4. Require human approval before a candidate becomes active doctrine. A one off mistake must not silently become a permanent rule.
5. On approval, write the rule record, link it to its source correction with promoted_to, and if it replaces an older rule, add a supersedes edge.
6. Prune. If two rules overlap, merge them. If a rule has not been relevant in a long time, retire it. Doctrine should stay small enough that every rule still earns its place.

6. Retrieval (read path)

At the start of a new task, before doing the work:

1. Load all active rule records into context. This is the doctrine, and it is always on.
2. From the new task description, find the most relevant prior task records (by topic or tag overlap), and walk their edges to pull forward the sources that held up, the tools that were right, and any corrections that apply.
3. Inject a compact summary of that retrieved context, not the raw records. Keep it short. The goal is to put the relevant lessons in the room, not to flood the context window.

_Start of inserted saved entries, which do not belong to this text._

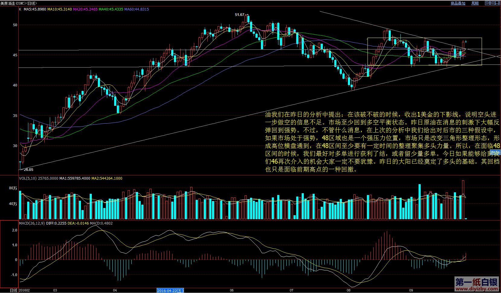 18.5~19美元之間成為白銀價格的強支撐區域,最近兩個交易日銀價都在19區域附近得到支撐,昨日行情以長下影線收盤,暗示銀價有企穩跡象。但從黃金日K線走勢來看,行情似乎有下破的可能性,一旦多頭放棄,金價將跌破震蕩區間向下回踩1250支撐。如果是這種情況,白銀屆時恐也面臨回落風險。不過,值得慶幸的是,黃金即使跌至1250附近,其上漲趨勢也未改變,只是一輪中線回調。 因此,近期白銀多單建議嚴格止損在18.5下方,跌破此處務必離場,短線可能再度下行。保守者以19美元下方為止損亦可。 近期多單暫看60日均線阻力19.6附近,第二獲利目標看20美元整數關口。 再來看看原油走勢,昨日我們強調原油價格回歸到了多空平衡的狀態,昨日原油在消息面刺激下大幅反彈到強勢區域。不過正如下圖黃色框所示,當前油價的48區域是一個強壓力位置,市場昨日的突破只是改變三角形整理形態,形成高位橫盤通道,在48區域至少有一定時間整理聚集多頭力量。所以,在面臨48區間壓力是很,我們建議多單離場觀望,或者持有少量多單。 今日油價若能再次回踩46附近可以介入多單,昨日上漲奠定了多頭基礎,回踩僅僅是因為48壓力而出現的回撤,完全可以做多。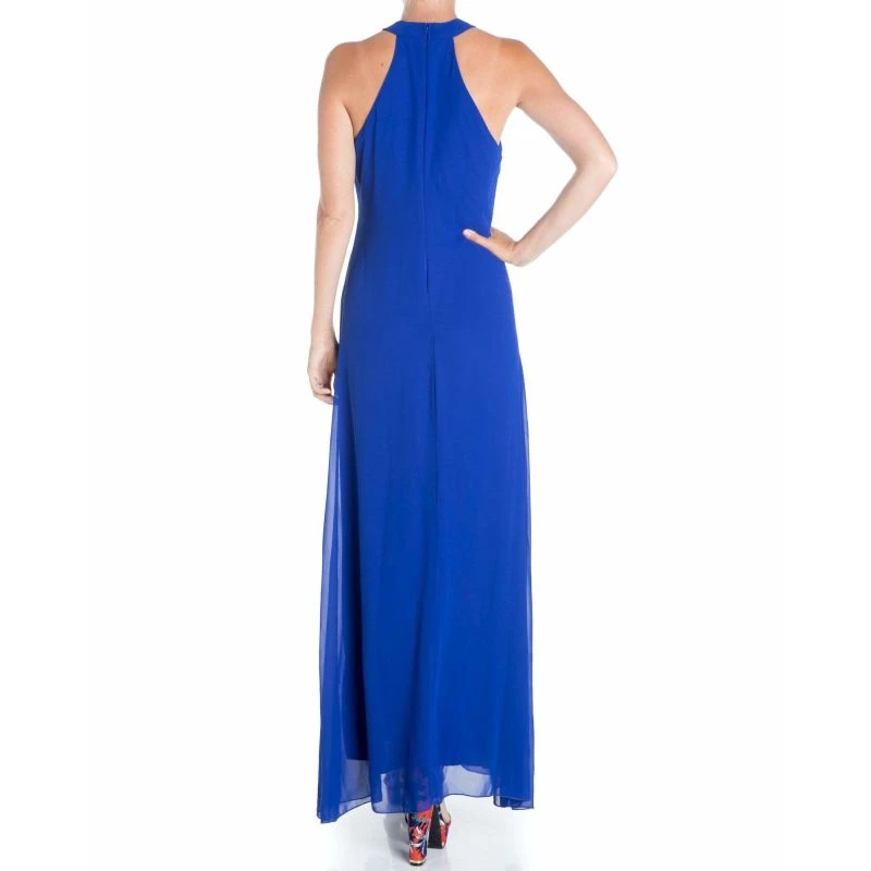 The center back has an invisible zipper closure with hook and eye clasp closure. This maxi dress is cut from sheer, lightweight chiffon in a bright royal blue hue and is fully lined.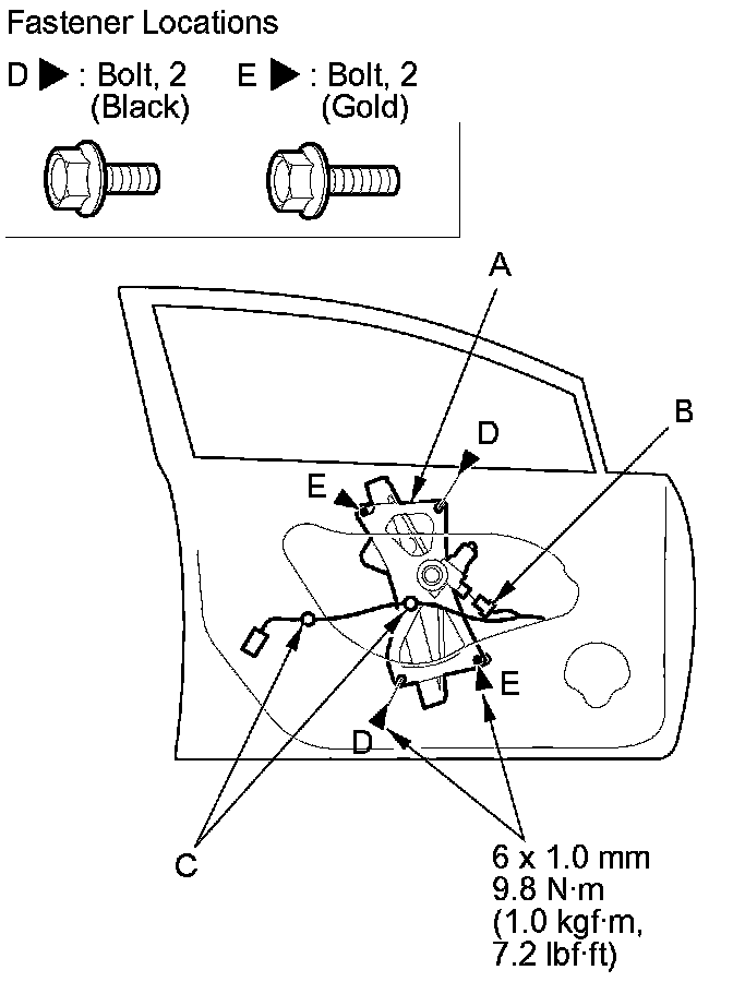 2. Remove the bolts (D), and loosen the bolts (E).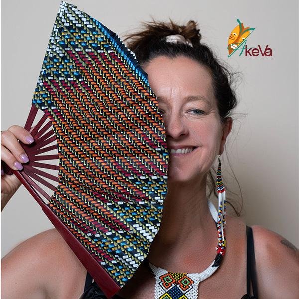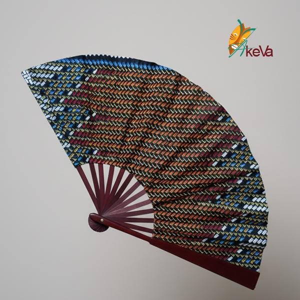 Cet éventail, à la fois élégant et pratique, est une véritable œuvre d'art qui mêle tradition et modernité. Fabriqué à la main avec soin, il présente des motifs géométriques vibrants inspirés de l'art tribal africain. C'est l'accessoire parfait pour ajouter une touche d'originalité et de sophistication à votre tenue.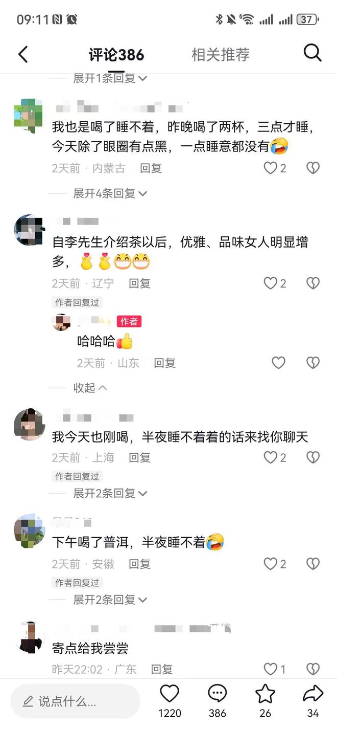 这些天,在社交平台,不少网友晒出自己在李亚鹏直播间抢到的茶叶。“喝了李亚鹏的茶,凌晨两点都睡不着,支持鹏哥,起来接着喝。”河南一位网友称,本来不喝茶,为了支持李亚鹏抢了盒茶叶,晚饭后泡了喝,一直睡不着。网友在评论区称“哈哈哈,原来不止我一个”。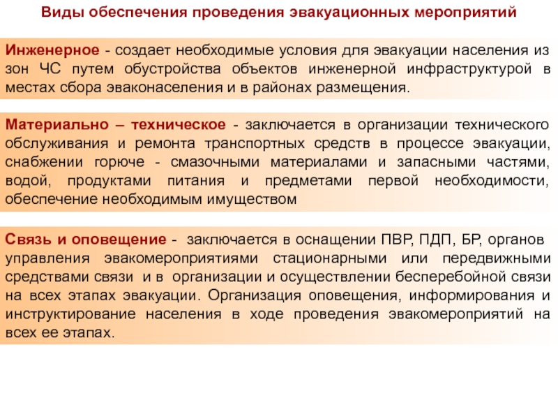 Материально – техническое - заключается в организации технического обслуживания и ремонта транспортных средств в процессе эвакуации, снабжении горюче - смазочными материалами и запасными частями, водой, продуктами питания и предметами первой необходимости, обеспечение необходимым имуществом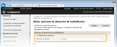 Marque la casilla de verificación para que el equipo responda a los paquetes de detección de multidifusión del software de administración de dispositivos y habilite la supervisión por parte del software de administración de dispositivos. [Nombre de ámbito]

7. Acceptance criteria (how a builder knows it works)

• Completing a task writes at least one task record with an outcome field.
• A user correction during a task produces a correction record containing what was wrong, the correct behavior, and why.
• Records are linked with typed edges, and the graph can be traversed from a task to its sources, tools, and corrections.
• The consolidation pass identifies a correction that recurs and drafts a candidate rule.
• No candidate rule becomes active doctrine without an explicit human approval step.
• Active doctrine is loaded into context at the start of every new session.
• Retrieval pulls relevant prior work for a new task without dumping the entire graph into context.
• A measurable improvement on a repeated task class after doctrine exists, versus before (even a simple before and after comparison counts).

8. Safety and scope notes

• Keep the graph local, or under your control. A complete record of an agent’s work is a high value target, so treat it like one.
• Keep secrets and sensitive third party data out of the graph. Store references, not payloads.
• Keep a human in the loop on the promotion step. The system encodes judgment, and judgment should remain a human input.
• This is a productivity and knowledge tool. It is not a substitute for professional or expert judgment, and it should not author conclusions that a human is accountable for.

9. Suggested build order

1. Define the node and edge types as files or a small schema.
2. Implement cheap capture for task and correction first.
3. Implement retrieval of active doctrine at session start.
4. Implement the consolidation pass with a human approval gate.
5. Add the remaining node types, traversal based retrieval, and pruning once the loop is proven.

Start with capture and doctrine. Everything else is an enhancement on a loop that is already paying for itself.